Soaring passenger demand and increased revenue pushed up Queenstown Airport's after tax profit up by 21 per cent to $14.9 million in the past year.
In the 12 months to June 30, revenue increased by 17 per cent to $45.7 million compared to the corresponding period last year. Underlying net profit after tax for the period was $14.9m, up 21 per cent on the previous year.
Operating earnings before interest, tax, depreciation and amortisation (ebitda) increased by $5.5m, or 21 per cent to $31.6m while operating expenditure of $14.0m increased $1.2m - 9 per cent.
The airport is attracting more international and domestic services as a tourism boom and the two million passenger movements per year milestone was reached for the first time in December last year.
A total of 2,140,669 passenger movements was a 13 per cent increase on the same period last year, with international passenger numbers up 12 per cent to 596,276 and domestic passenger numbers up 14 per cent to 1,544,393.
The airport's two shareholders, Queenstown Lakes District Council (75.01 per cent) and Auckland Airport (24.99 per cent) were paid a combined dividend of $7.2m.
The company, which is facing local resistance to expansion plans at Queenstown Airport and Wanaka, said that for the Queenstown Lakes community the dividend meant a payment of $5.4m - or $215 per rateable property in the district.
Airport board chairwoman Prue Flacks said the company had invested over $4m in infrastructure, safety, innovation and technology to streamline airport processes and systems and improve the park-to-plane experience for both customers and staff.
She said this included the launch of the Park and Ride, new signage, and expanded pop-up food and beverage offerings.

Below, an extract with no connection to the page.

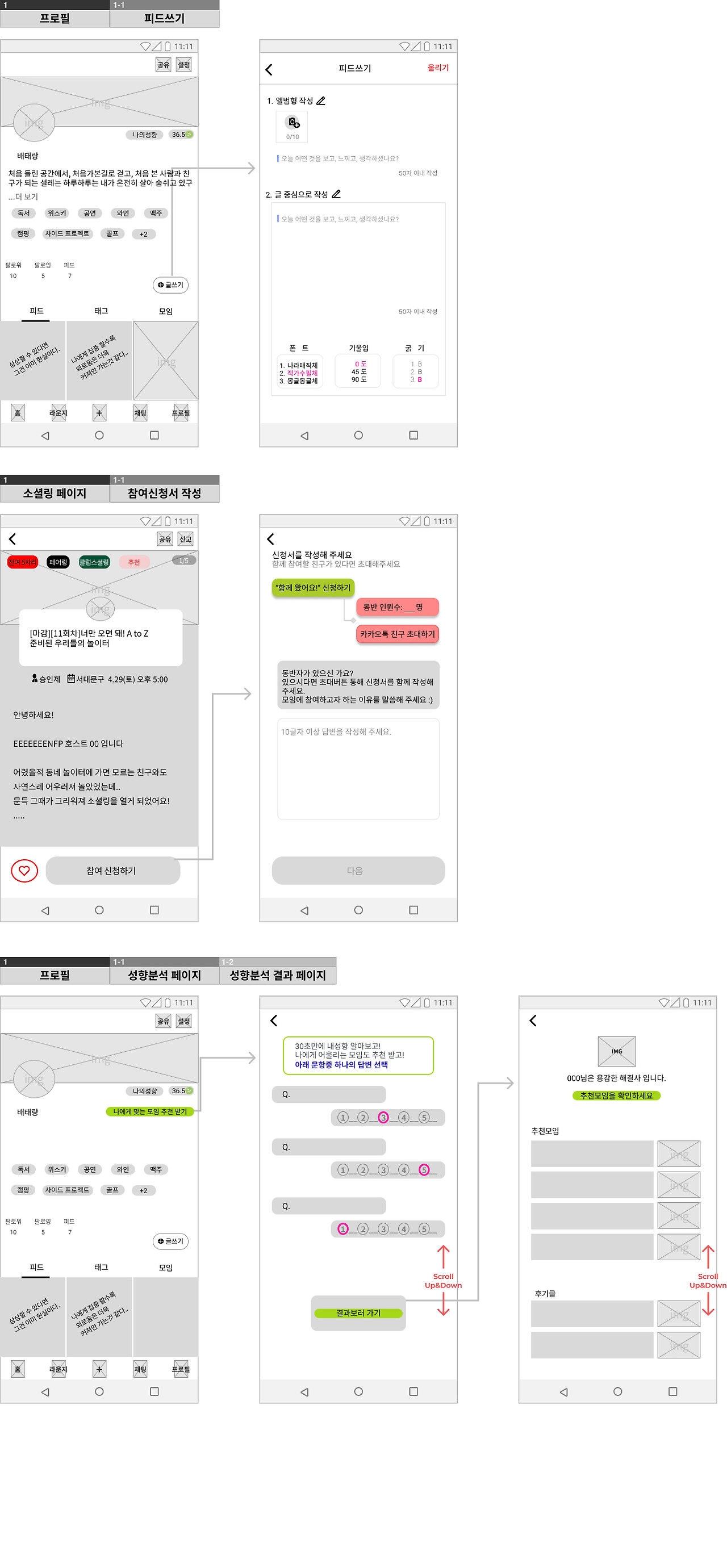 요구사항 정의서 & 와이어프레임 & 스토리 보드 작성

There had been investment in innovation and technology included a new safety management system, real time parking tracking, new flight information display screens and queue time monitoring at the security screening point.
Other major projects included the construction of a dedicated operations centre, terminal building improvements and new equipment which has streamlined operations.

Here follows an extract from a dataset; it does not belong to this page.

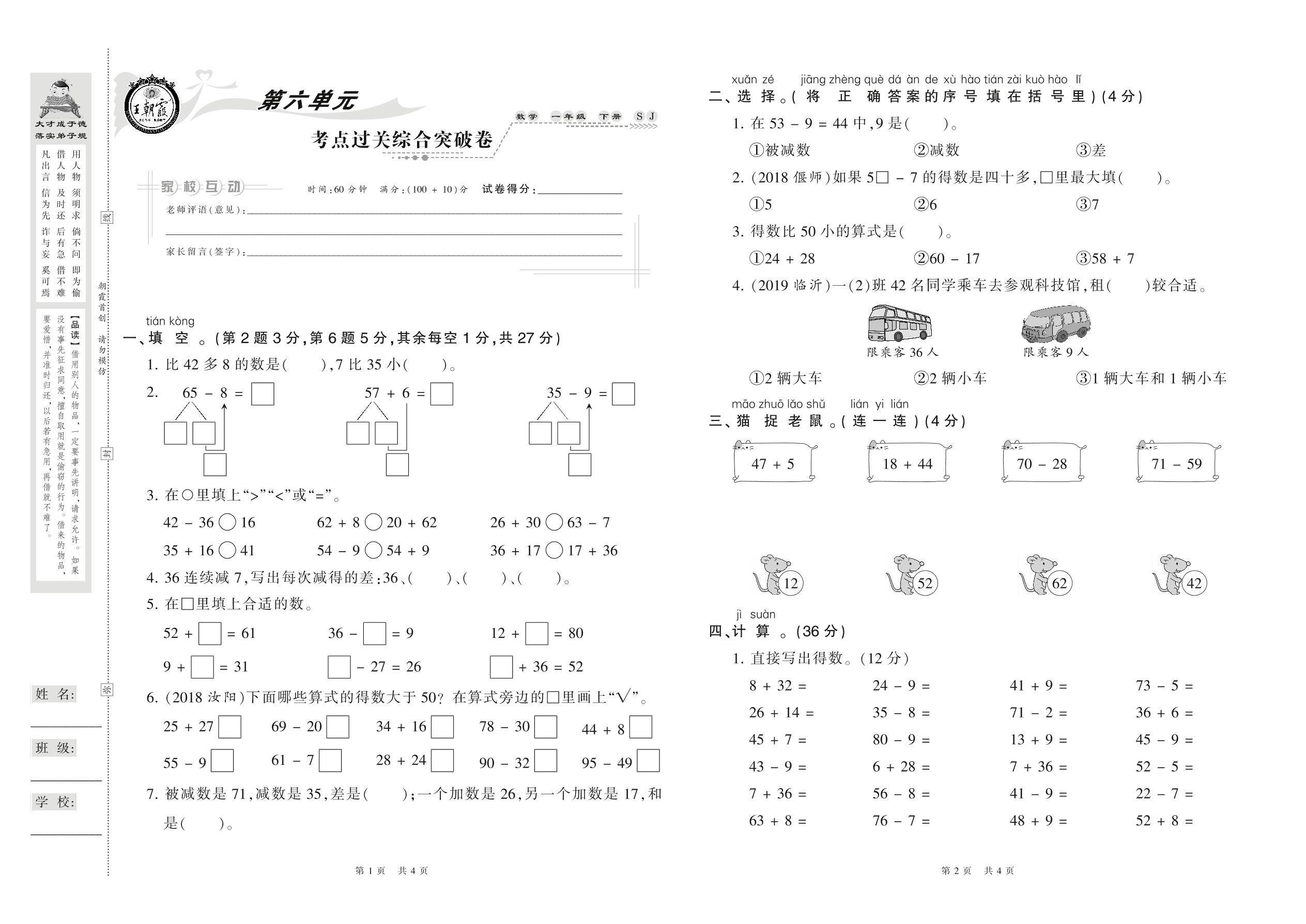 2021下册一年级数学苏教版 第六单元 考点过关综合突破卷

The $14.5m 99-year lease for Wanaka Airport was also a major investment.
Commercial general aviation operators — fixed wing and helicopter movements — were up 6.9 per cent on the same period last year - boosted by an active summer flying season. Private jet movements were equivalent to the previous year.

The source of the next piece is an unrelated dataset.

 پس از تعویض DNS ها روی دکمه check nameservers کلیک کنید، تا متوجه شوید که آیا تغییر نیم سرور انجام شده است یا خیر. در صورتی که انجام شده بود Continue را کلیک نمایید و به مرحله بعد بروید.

Public submissions on the 30-year Master Plan had just closed.
"Work also continued on addressing the main constraints identified through the Master Plan process - land, noise and destination infrastructure," she said.
"We will continue to focus on long-term planning and working together to ensure that future growth is managed and sustainable. Investment in regional infrastructure is critical to keep pace with growth and retaining a quality visitor and resident experience."
Flacks said looking forward 30 years could be challenging and the company believed that our focus on planning and collaboration was critical in creating complementary aviation centres for the region that were "sustainable, adaptable, affordable and memorable".